When someone is going through this, their world seems to stand still, especially because they are in the hospital. Its good to try and keep track of what is going on in the world. By the afternoon, my mother would come, it would change the pace and then we always hoped for guests at night to take his mind off of things, and make the time pass. It might not seem so bad, but try doing this for 3 weeks. That was our first trip to the hospital. It was interesting, there was 2 people my father looked forward to seeing each day: his doctor and the Rabbi.
My Dad’s doctor made all the difference. His sensitivity and patience are what got all of us through it. My father would look forward to his visits, even though he knew there would be no new news or something drastic. His doctor's warmth and compassion are what became part of my father's routine…and mine too.
Dad spent the next 7 months in and out of the hospital.
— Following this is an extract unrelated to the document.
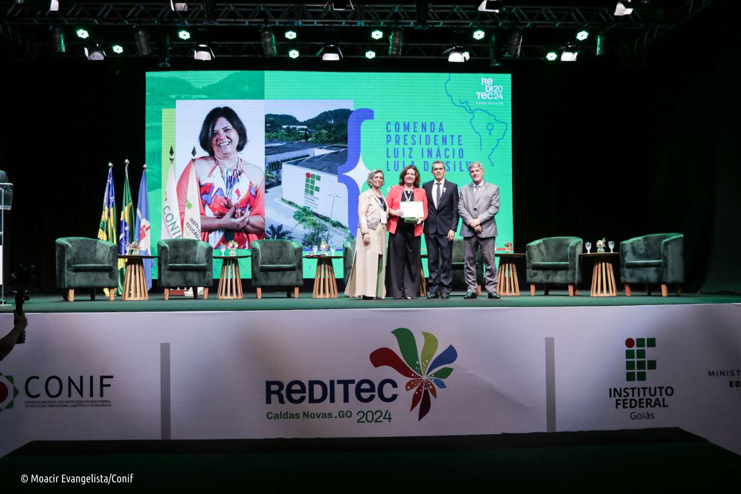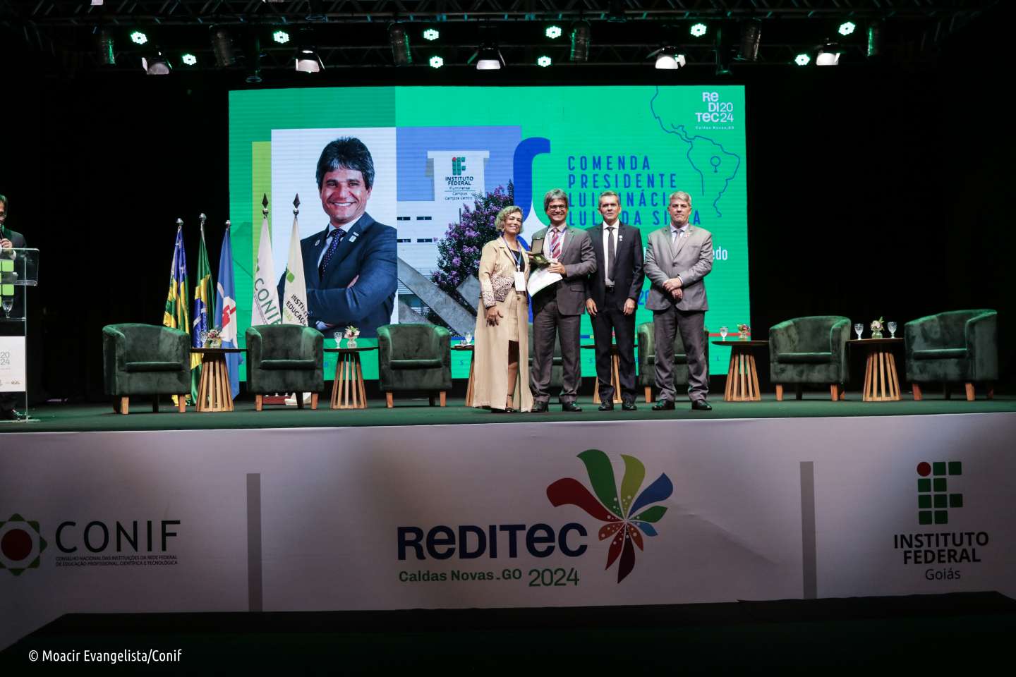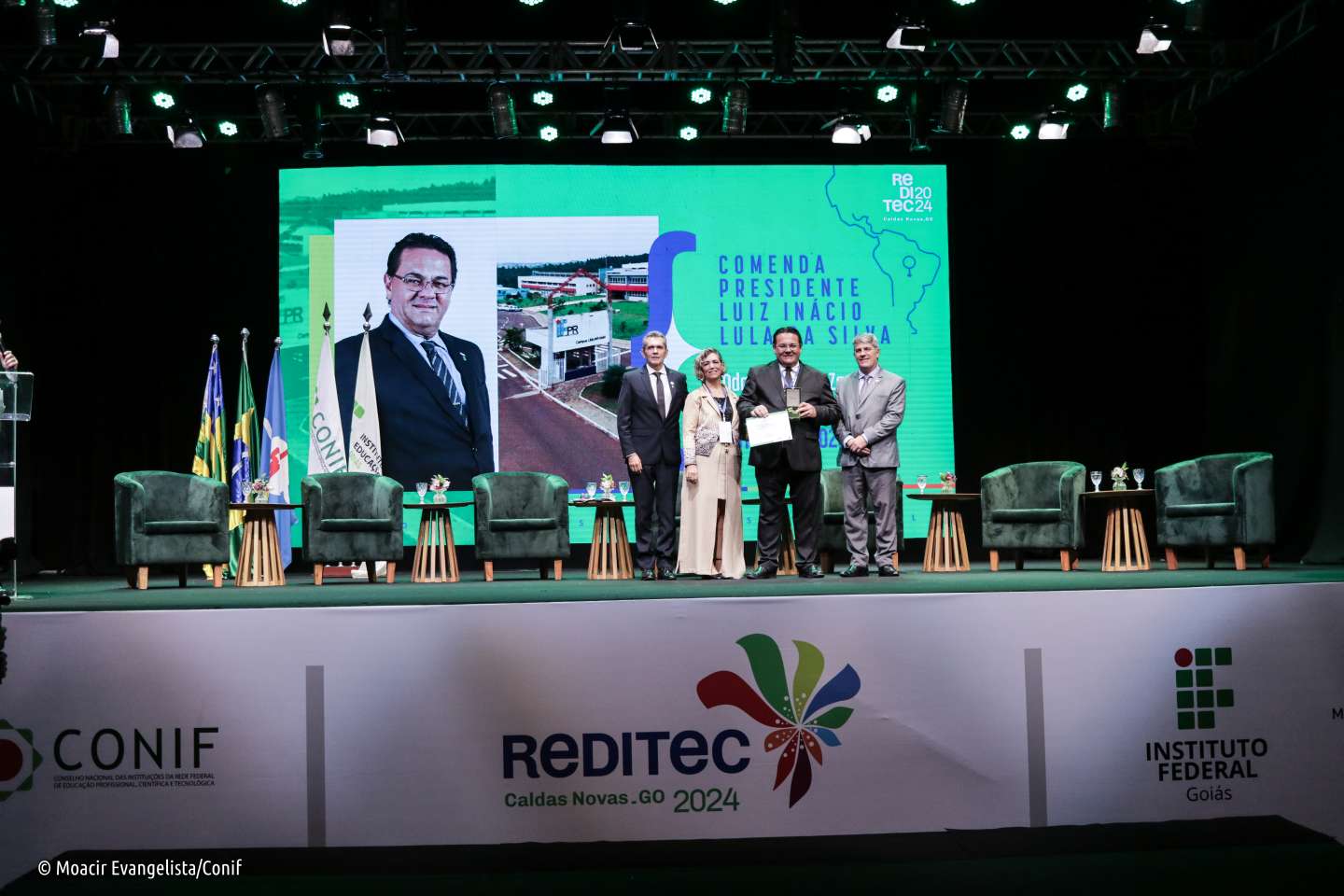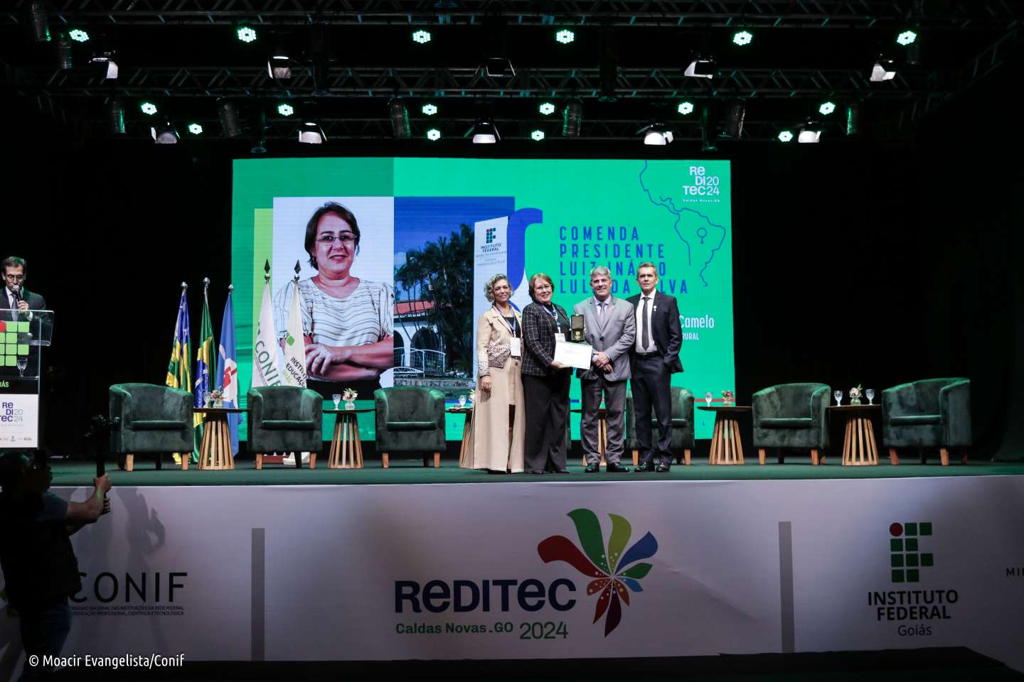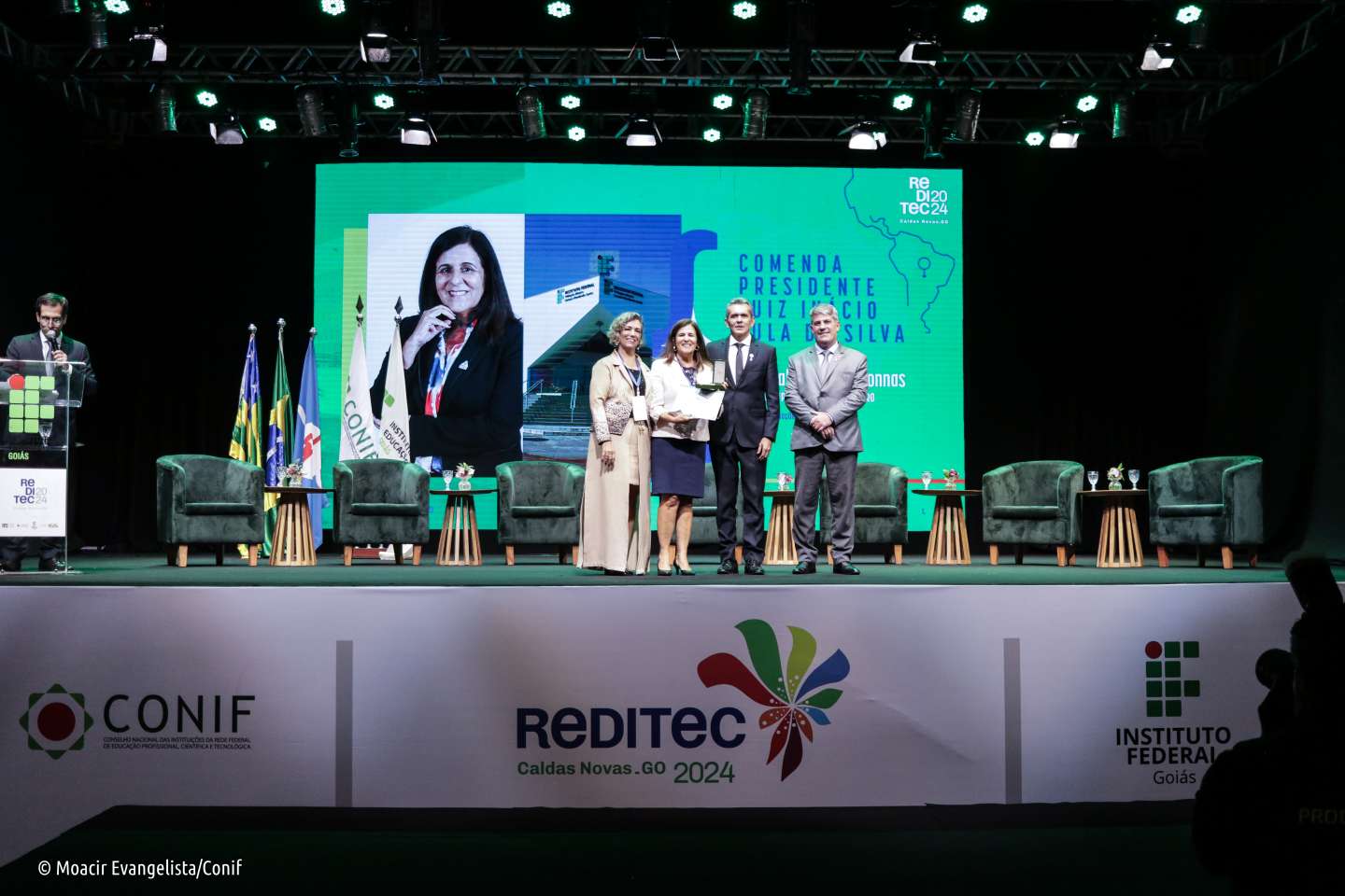 A abertura da 48ª Reunião Anual dos Dirigentes das Instituições de Educação Profissional e Tecnológica (Reditec), realizada em Caldas Novas (GO), na noite dessa segunda-feira (21/10), ficou marcada por emoção e recordações: como parte deste momento, houve a entrega da Comenda Presidente Luiz Inácio Lula da Silva às pessoas que se destacaram pela sua contribuição à Rede Federal.

We always looked forward to those moments when the doctor would say he could go home, even though deep down inside, we knew it wouldn't be for so long. But home was my Dad’s heaven and there is where he wanted to be, with his own things and the people that loved him the most.
My Dad died in the hospital. It happened very quickly. He wasn't feeling well as my followed our usual routine and brought him into the emergency ward. Less than 24 hours later, I received the call that it was time to come home. Dad and I had no unfinished business, so I came home quickly…but I wouldn't worry about last words or something of that nature. The first night I got to the hospital Dad was unconscious and I guess while we never said it out loud we knew it was a matter of time. The next day was a bit of a miracle. Dad woke up and we talked, we all had our private moments together. I told my Dad not to worry, we would all be OK…that he had fought long enough and we loved him very much. Dad died in his sleep without any pain that night.
It's been almost 9 months and not a day goes bye that I wouldn't think about him. But the thoughts wouldn't bog down my mind are "what if" and "I could have". Dad got the very best care and was surrounded by love …and while the cancer might have taken my dad’s body...the cancer can never take the love we all had for each other…and that’s what I hold on to every day.